Un ecléctico que vive lejos quiere saber qué narices está ocurriendo en Cataluña, cuál es la rutina del hombre de la calle.

Pongamos, sí, eso es, pongamos que se llama Joana, como la primera esposa de Ausías March, para guardar, así, una identidad que no interesa/conviene desvelar. Es joven, guapa, lista. Se merece un príncipe o un dentista, que cantaba Lichis. Es catalana y –conjunción copulativa, importante- española. Quiere seguir siéndolo.

Paseamos por el centro de Barcelona pocas horas antes de que se confirme que Giménez Bartlett es la última ganadora del Planeta. Joana ejerce de Virgilio: esto es la plaza de Cataluña, y esto la rambla no sé cuál, y por aquí nació Serrat, y nunca he entrado en la Sagrada Familia, y cerca está el barrio judío, que es pequeñito. Varias decenas de personas se concentran frente a la sede de la Generalidad. Lucen canas, esteladas y una bandera negra que no conseguimos identificar –preparado para recibir el reproche de un tuitero ilustrado en tres, dos...

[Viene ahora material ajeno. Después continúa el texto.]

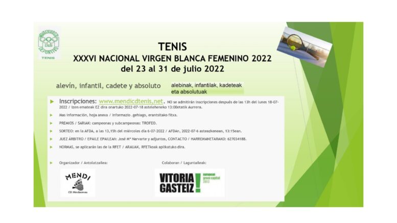 Kaixo guztioi, hola a todas, del 23 al 31 de julio, se va a celebrar el «XXXVII NACIONAL VIRGEN BLANCA FEMENINO 2022.

Nos sentamos en una terraza, pedimos dos cañas –qué cara es la cerveza en Barcelona, oyes, y encima no ponen tapa-, y hablamos de trabajos, de Umbral y de Gil de Biedma, de Madrid, de religión, etcétera. Le pregunto por lo que se está cociendo en Cataluña, su tierra. Porque en los periódicos aparecen unas cosas de "ay, madre", y, claro, entre que, por un lado, uno vive a seiscientos kilómetros, y, por otro, se define como ecléctico, quiere saber, de primera mano, de alguien de confianza, qué narices está ocurriendo en esta bendita región, cuál es la rutina del hombre de la calle.

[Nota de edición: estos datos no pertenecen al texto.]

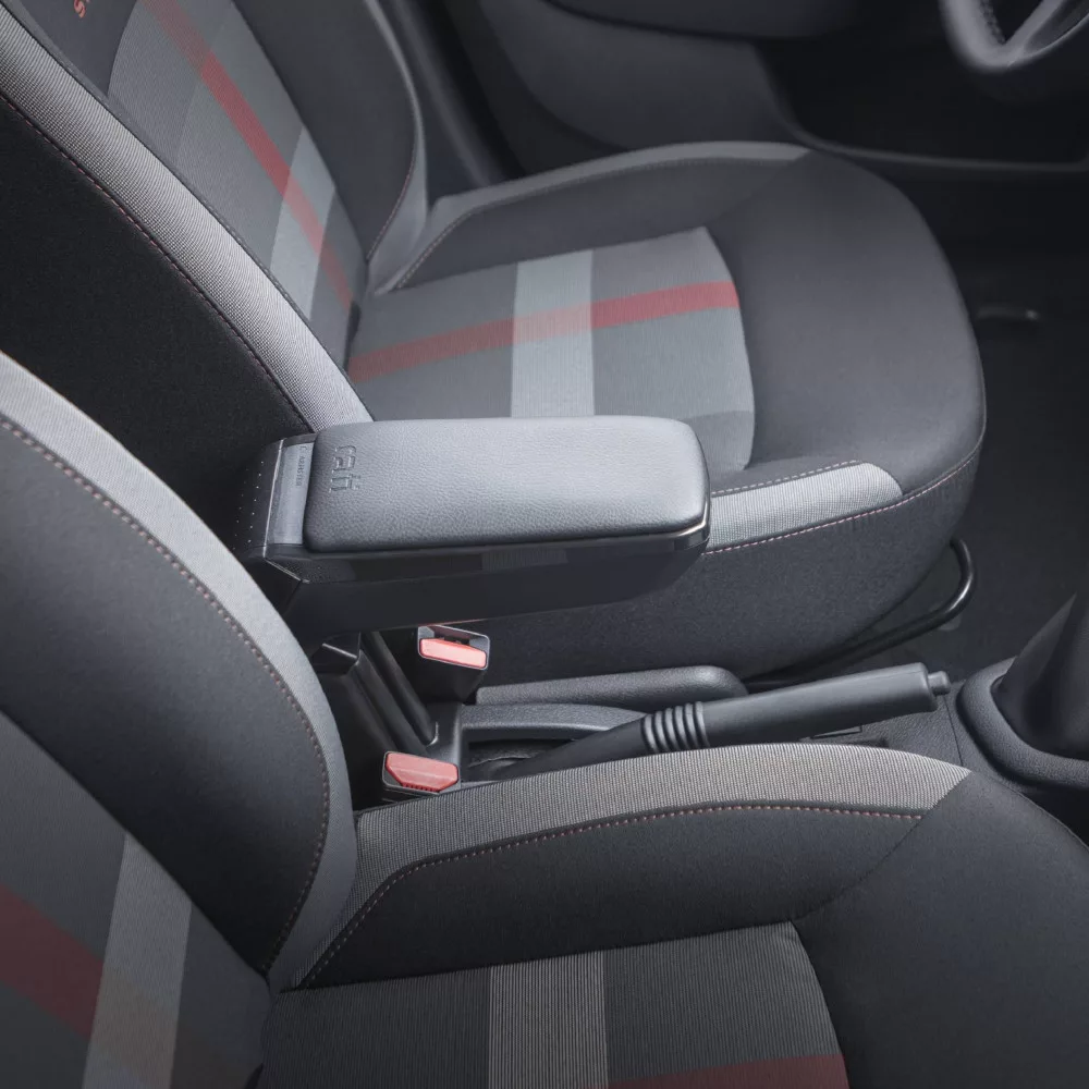 Comfortable armrest on the centre console, with vehicle-specific adapter.

Entonces, Joana lamenta que una ideología primitiva y absurda se haya adueñado de una de sus dos lenguas y que esté conquistando su ecosistema. Me cuenta que personas razonables han sido absorbidas por una burbuja propagandística infumable desde un punto de vista intelectual; que no es un mito eso de que haya familias que no tocan "el tema" por no discutir; que la mayor parte de sus amigos son "indepes" y que a ella la llaman "radical" por defender el Estado de Derecho; que el castellano se enseña de un modo marginal, que se considera "la lengua de la plebe", como cuando en la Antigua Roma distinguían el latín del griego, y que, por ello, la tropa comete unas faltas ortográficas y/o gramaticales del copón. En definitiva, me dice que la niebla del nacionalismo es densa, asfixiante, molesta. ¿Queda algo bueno en todo esto? "Lo bonito", responde, es que, al menos, la resistencia civil ha creado un núcleo sólido y valiente, en el que todo el mundo sabe quién es todo el mundo y en el que prima el compadreo y la catarsis.

Mientras nos despedimos, me fijo en un edificio infestado de esteladas, e imagino su ascensor como un círculo posmoderno del Infierno de Dante, con dos vecinos cantando las glorias de Junts pel Sí como quien en Granada, Valladolid o La Coruña habla del tiempo. "Los nacionalismos, ¡qué miedo me dan!" (Bunbury).

En fin, qué bueno fue verte.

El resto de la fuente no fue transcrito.